We plan to use fluctuations in prediction confidence to detect possible edges of idiomatic chirp sequences.

Goal

Audio recordings of eco systems offer an inexpensive method for monitoring changes in the presence of animals, and annual environmental rhythms. In fact, groups of species are specialized to use particular parts of the audible and inaudible spectra. We focus on recordings of bat chirps, and try to predict the details of chirps, given their context. We also try to find edges of bat 'idioms'.

Envisioned architecture for analyzing bat chirps. Other options are wide open. 


Teaching Choreography Online

A distributed system for teaching choreography remotely

  • Prerequisites: Python.
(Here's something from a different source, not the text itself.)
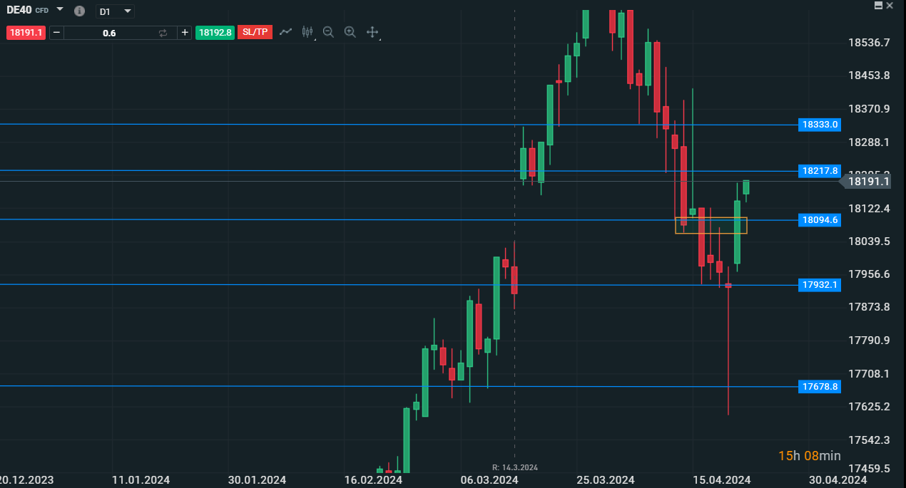 Grafico daily di Dax con i livelli massimi di riferimento per la giornata tra i 18220-18300 - Fonte: XStation

Experience with distributed systems.

We will try to use any appropriate distributed robotics simulator, such as Gazebo, to prototype an infrastructure that enables team-based teaching of choreography remotely. Choreography is not dancing. It is the design, the creation of dance steps that will then be danced by artists.

Using robotic creatures as artists would introduce new challenges into choreography. We could create modified gravity worlds, or animal artists with their non-human constraints. We would like target students to collaborate remotely through the infrastructure as they design dances together.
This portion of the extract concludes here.